▶ **MATERIAL PROVIDED**
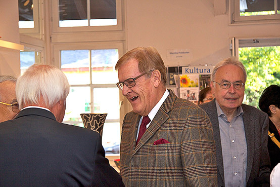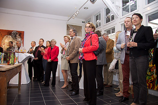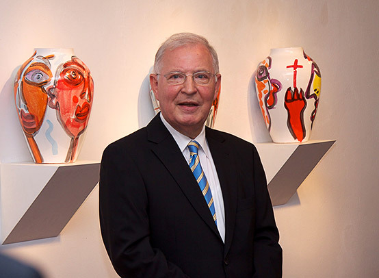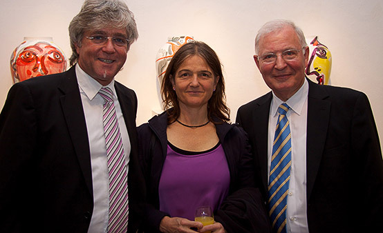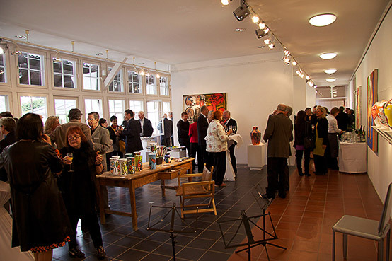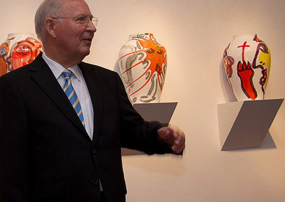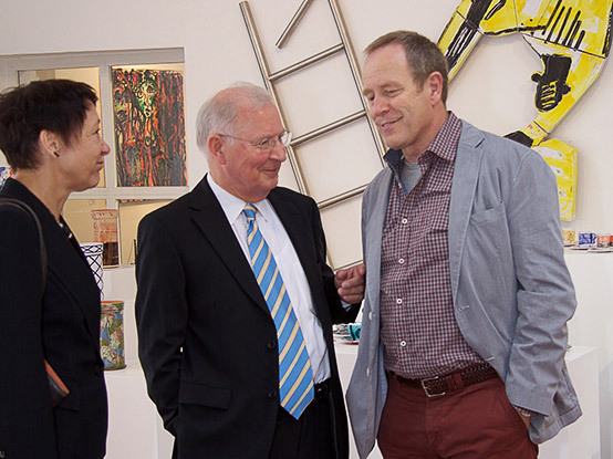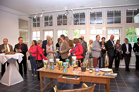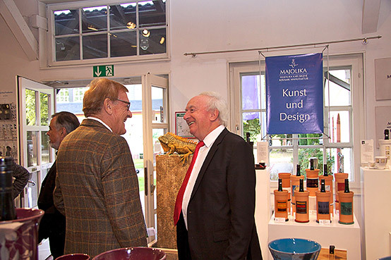 Bei herrlichem Spätsommerwetter konnte der Stiftungsvorstand Klaus Lindemann zahlreiche Gäste aus Politik, Kunst, Kultur und Wirtschaft in den Galerieräumen der Majolika Manufaktur begrüßen. Für ein farbenfrohes Ambiente sorgten die ausdrucksstarken Arbeiten, die der Künstler Peter Robert Keil während seines Atelieraufenthaltes in diesem Sommer in der Majolika geschaffen hatte. Unter den Gästen sah man auch die Mitglieder des Gemeinderats Doris Baitinger, Dr. Heinrich Maul, Rainer Weinbrecht und Michael Zeh, die Kulturamtsleiterin Dr. Susanne Asche, Stadtkämmerer Torsten Dollinger, Professor Siegfried Kreiner, Rechtsanwalt Klaus Schroth, Dr. Armin Brendle von der LBBW und Rita Schoch vom Regierungspräsidium. Aus dem Künstlerkreis der Majolika nahmen Edith Baerwolff, Hannelore Langhans, Sybille Onnen, Franziska Schemel, Eva Schaeuble und Johannes Gervé an dem Empfang teil. Der Stiftungsvorstand nutzte die Gelegenheit, um allen Freunden der Majolika für ihre ideelle und finanzielle Unterstützung herzlich zu danken. Einen besonderen Dank richtete er an den Gründungsstifter und Vorsitzenden des StiftungsratsEhrensenator Wolfgang Eichler und an den Vorsitzenden des Aufsichtsrats der Majolika GmbH Klaus-Dieter Rohlfs, die seit vielen Jahre der Majolika in besonderer Weise verbunden sind und die Stiftungsgründung maßgeblich mitgetragen und mitgestaltet haben.
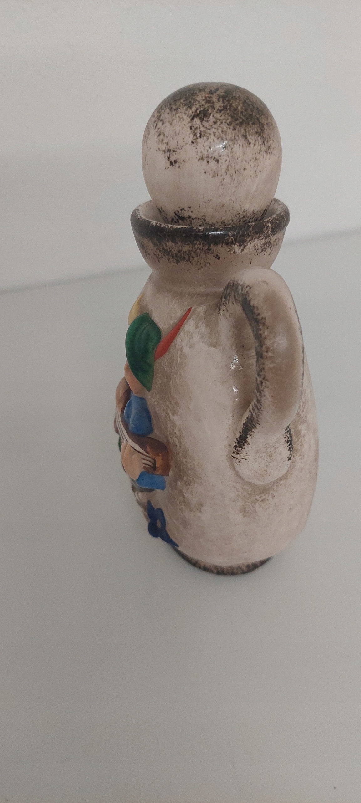 Butelka w bardzo dobrym stanie o wymiarach wysokość 14cm, szerokość 9cm, głębokość 5cm.
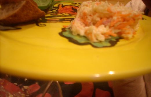 Pour 1\4 d'un gros chou pommé, râpé avec une carotte et 1\2 oignon rouge.... 2 cuillères à soupe de nayonnaise 2 cuillères à soupe de yogourt 1 cuillère à thé de moutarde de Dijon 1 cuillère à thé de vinaigre de vin rouge 1 cuillère à thé d'agave 1\4 de cuillère à [...]
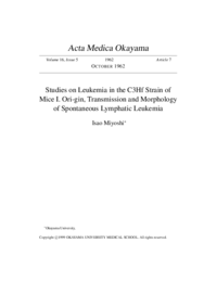 | Abstract | The ongm and characteristics in transmission and morphology of spontaneous lymphatic leukemia in a low-leukemic strain C3Hf have been described. The leukemia line is being currently subjected to a vigorous search for the presence of a filtrable leukemia agent. |
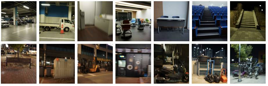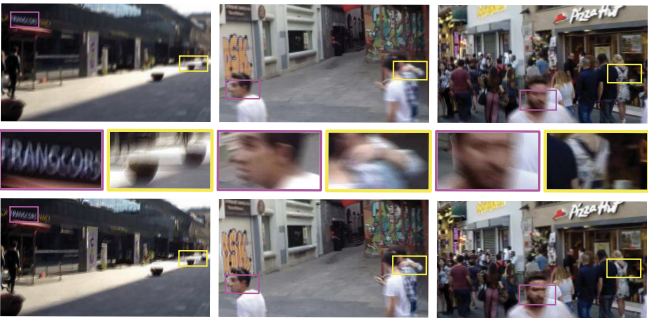 用于去模糊的 GoPro 数据集由 3,214 张模糊图像组成,大小为 1,280×720,分为 2,103 张训练图像和 1,111 张测试图像。该数据集由成对的真实模糊图像和高速摄像机获得的相应地面实况图像组成。
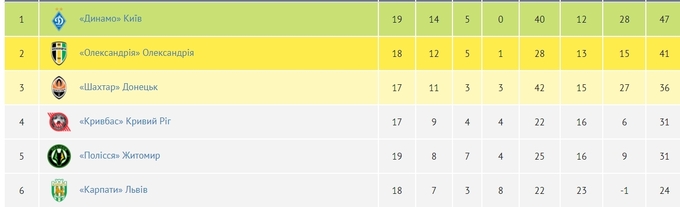 Динамо после 19 туров набрало 47 очков, опережая Шахтер на 11 пунктов.
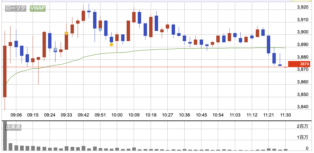 前日とほぼ同値の3,850円でスタート。前半は買いが入って3,900円をわずかに超えるところまで伸びたけど、そこからは失速。強さが続かず、後半はじりじりと力が抜けていき、結局は寄り付き付近まで押し戻されて引け。短い上昇だけ置き土産にした前場だった。

▶ **ASSIGNMENT**
Reproduce the entries exactly. Do not carry over any picture.

▶ **SOLVED PROBLEM**
 Bei herrlichem Spätsommerwetter konnte der Stiftungsvorstand Klaus Lindemann zahlreiche Gäste aus Politik, Kunst, Kultur und Wirtschaft in den Galerieräumen der Majolika Manufaktur begrüßen. Für ein farbenfrohes Ambiente sorgten die ausdrucksstarken Arbeiten, die der Künstler Peter Robert Keil während seines Atelieraufenthaltes in diesem Sommer in der Majolika geschaffen hatte. Unter den Gästen sah man auch die Mitglieder des Gemeinderats Doris Baitinger, Dr. Heinrich Maul, Rainer Weinbrecht und Michael Zeh, die Kulturamtsleiterin Dr. Susanne Asche, Stadtkämmerer Torsten Dollinger, Professor Siegfried Kreiner, Rechtsanwalt Klaus Schroth, Dr. Armin Brendle von der LBBW und Rita Schoch vom Regierungspräsidium. Aus dem Künstlerkreis der Majolika nahmen Edith Baerwolff, Hannelore Langhans, Sybille Onnen, Franziska Schemel, Eva Schaeuble und Johannes Gervé an dem Empfang teil. Der Stiftungsvorstand nutzte die Gelegenheit, um allen Freunden der Majolika für ihre ideelle und finanzielle Unterstützung herzlich zu danken. Einen besonderen Dank richtete er an den Gründungsstifter und Vorsitzenden des StiftungsratsEhrensenator Wolfgang Eichler und an den Vorsitzenden des Aufsichtsrats der Majolika GmbH Klaus-Dieter Rohlfs, die seit vielen Jahre der Majolika in besonderer Weise verbunden sind und die Stiftungsgründung maßgeblich mitgetragen und mitgestaltet haben.
 Butelka w bardzo dobrym stanie o wymiarach wysokość 14cm, szerokość 9cm, głębokość 5cm.
 Pour 1\4 d'un gros chou pommé, râpé avec une carotte et 1\2 oignon rouge.... 2 cuillères à soupe de nayonnaise 2 cuillères à soupe de yogourt 1 cuillère à thé de moutarde de Dijon 1 cuillère à thé de vinaigre de vin rouge 1 cuillère à thé d'agave 1\4 de cuillère à [...]
 | Abstract | The ongm and characteristics in transmission and morphology of spontaneous lymphatic leukemia in a low-leukemic strain C3Hf have been described. The leukemia line is being currently subjected to a vigorous search for the presence of a filtrable leukemia agent. |
 用于去模糊的 GoPro 数据集由 3,214 张模糊图像组成,大小为 1,280×720,分为 2,103 张训练图像和 1,111 张测试图像。该数据集由成对的真实模糊图像和高速摄像机获得的相应地面实况图像组成。
 Динамо после 19 туров набрало 47 очков, опережая Шахтер на 11 пунктов.
 前日とほぼ同値の3,850円でスタート。前半は買いが入って3,900円をわずかに超えるところまで伸びたけど、そこからは失速。強さが続かず、後半はじりじりと力が抜けていき、結局は寄り付き付近まで押し戻されて引け。短い上昇だけ置き土産にした前場だった。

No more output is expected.